Hi, if you are looking just at the price difference between 641 and 651, just buy the 651 there is not that much a difference in price and it works great for automobiles...

R.


----------



## L00T (Feb 8, 2007)

Personally I would choose at least Oracal 751C for fleetmarking if I were you. The main differences between these two are:

641: economy calandered soft PVC film, thickness: 75 micron, service life: 3-4 years, adhesive power: 16 N/25 mm, adhesive: polyacrylate permanent, dimensional stability: shrinkage in lenght 0,4 mm max.

751C: cast PVC film, thickness: 55 micron, service life: 5-8 years, adhesive power: 18 N/25 mm, adhesive: solvent polyacrylate permanent, dimensional stability: shrinkage in lenght 0,15 mm max.

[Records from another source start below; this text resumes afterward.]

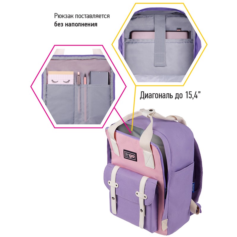Рюкзак выполнен из полиэстера высокого качества плотностью 600D. В модели предусмотрены 1 отделение, 1 передний карман, 2 боковых кармана, 2 плотные ручки с металлической кнопкой для большего удобства. Благодаря усиленному дну и плотной внутренней подкладке он устойчив к разрывам и обладает повышенной износостойкостью. Спинка рюкзака – уплотненная, а лямки – широкие и удобные, что делает его использование максимально комфортным. Размер - 41х29х13см. Объем - 23л, вес - 570г. Толщина спинки - 7мм. Толщина лямок - 10мм. Толщина дна - 2мм. Возрастная группа - для средних и старших классов. Для девочек.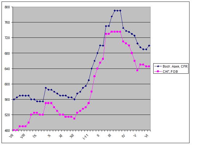 В Восточной Азии ситуация выглядит неопределенной. В регионе в мае упали цены на горячекатаные рулоны. Местным поставщикам поневоле приходится ориентироваться на стоимость китайской продукции, составляющей не более $700-710 за т FOB. Внутренние котировки на Тайване на июль близки к интервалу $765-800 за т EXW, так что местные прокатчики не могут позволить себе покупку полуфабрикатов по $700-720 за т CFR, как во втором квартале. Корейские компании официально предлагают горячий прокат более чем по $950 за т EXW, но, по словам трейдеров, реальные сделки резко дотягивают до $850 за т.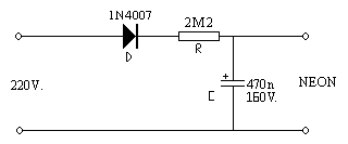 Unas veces he comprado los neones en una tienda de electrónica y el circuito funciona bien, con otros neones comprados en la misma tienda no funcionan a no ser que se varíe un poco el valor de la resistencia.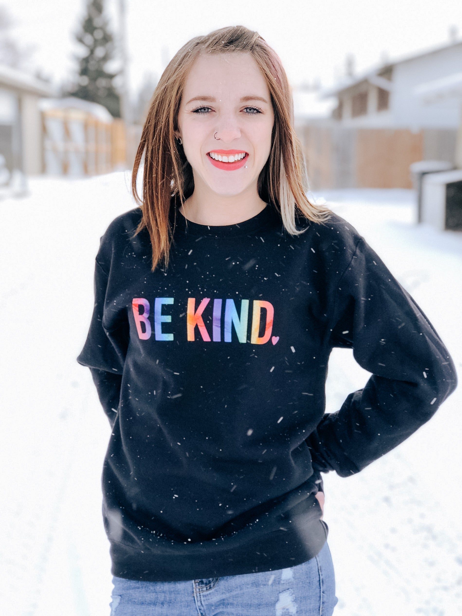 Be Kind Cozy Crew Neck Sweater - Rainbow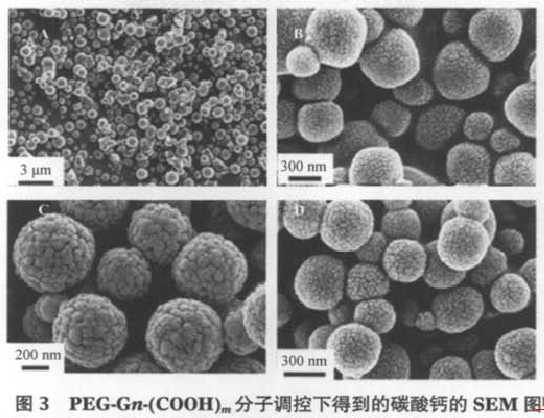 水溶性大分子是一種親水性的高分子材料, 在水中能溶解或溶脹而形成溶液或分散液. 它具有性能優(yōu)異、使用方便、有利于環(huán)境保護(hù)等優(yōu)點(diǎn), 廣泛應(yīng)用于國(guó)民經(jīng)濟(jì)的各個(gè)領(lǐng)域[45]. 水溶性大分子通過吸附在晶體表面提供結(jié)晶點(diǎn), 降低成核能, 從而調(diào)控晶體的成核、生長(zhǎng)和形貌. 同時(shí), 水溶性大分子可以通過分子設(shè)計(jì)及優(yōu)化等使其在水溶液中對(duì)礦物表面有選擇性吸附或自組裝成不同結(jié)構(gòu)的聚集體. 所以, 用水溶性大分子調(diào)控碳酸鈣合成的研究頗多[46-65]. 本文結(jié)合本課題組的工作綜述了近年來水溶性大分子對(duì)碳酸鈣結(jié)晶的調(diào)控作用, 以期為具有不同特性碳酸鈣的合成和應(yīng)用提供幫助.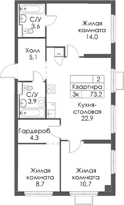 - Площадь73,2 м2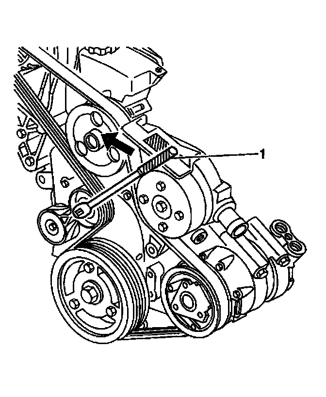 3. Install the drive belt under the drive belt tensioner pulley by lifting or rotating the drive belt tensioner, using a 3/8-inch breaker bar (1).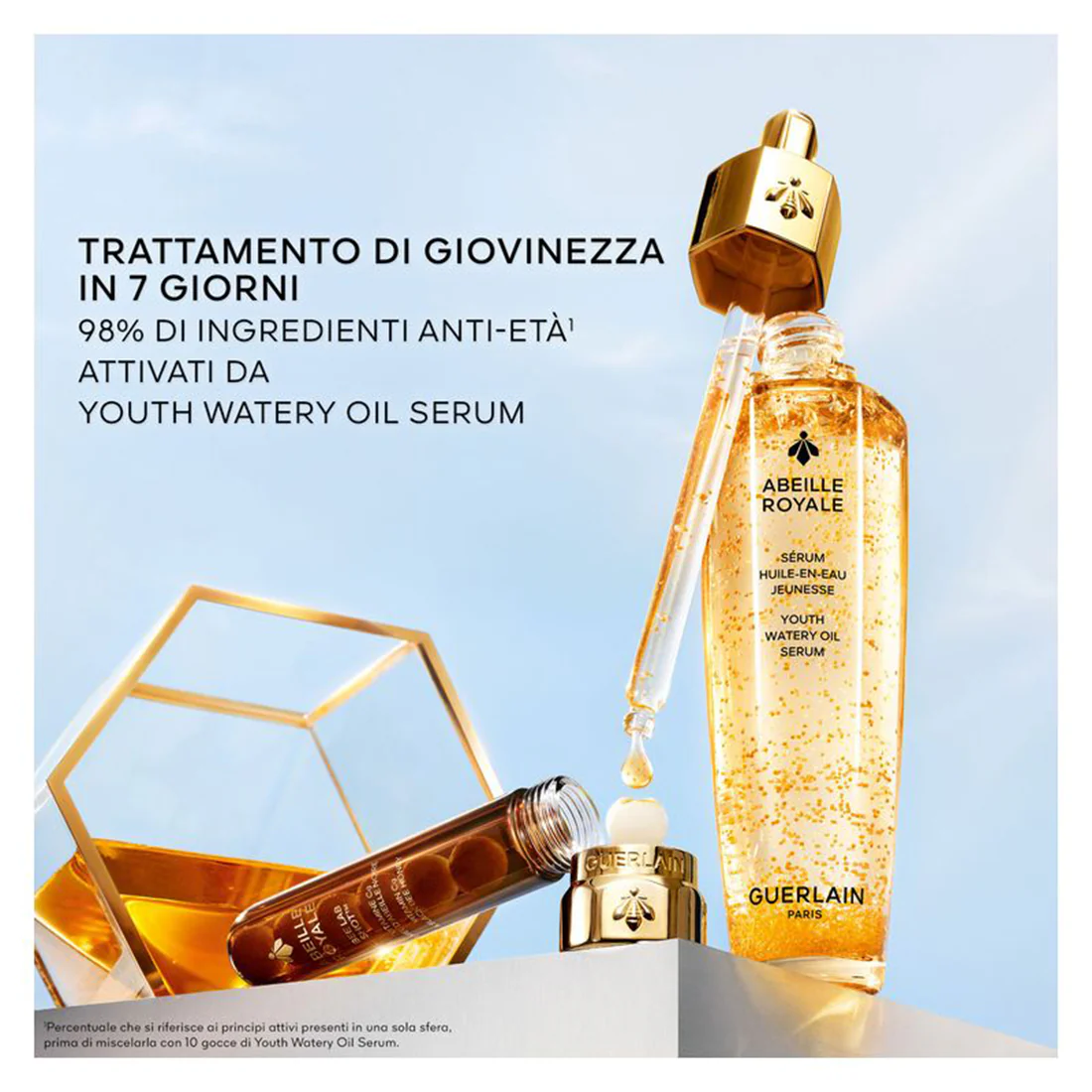 Riparazione profonda dei segni del tempo fin dalle prime gocce¹. Youth Watery Oil Serum abbina 3 mieli riparatori dell'Ape Nera per moltiplicare i meccanismi di riparazione cutanea. La pelle è visibilmente più giovane e le rughe sono ridotte.

Oww, and there are also 58 more glossy colours to choose from with 751C


----------



## dishote2003 (Oct 2, 2007)

L00T said:


> Personally I would choose at least Oracal 751C for fleetmarking if I were you. The main differences between these two are:
> 
> 641: economy calandered soft PVC film, thickness: 75 micron, service life: 3-4 years, adhesive power: 16 N/25 mm, adhesive: polyacrylate permanent, dimensional stability: shrinkage in lenght 0,4 mm max.
> 
> ...


Hi, which is the best oracle number for stickers? can i use any of them?
Thanks,


----------



## Yuchan (Sep 11, 2007)

Thanks everyone. I bought two rolls of oracle 751 and it should be here in a few days. 

The 641 sticks real well indoors or on the inside of a window but I had trouble with it on the outside most likely due to temperature. I'm hoping the new one will give me better luck. 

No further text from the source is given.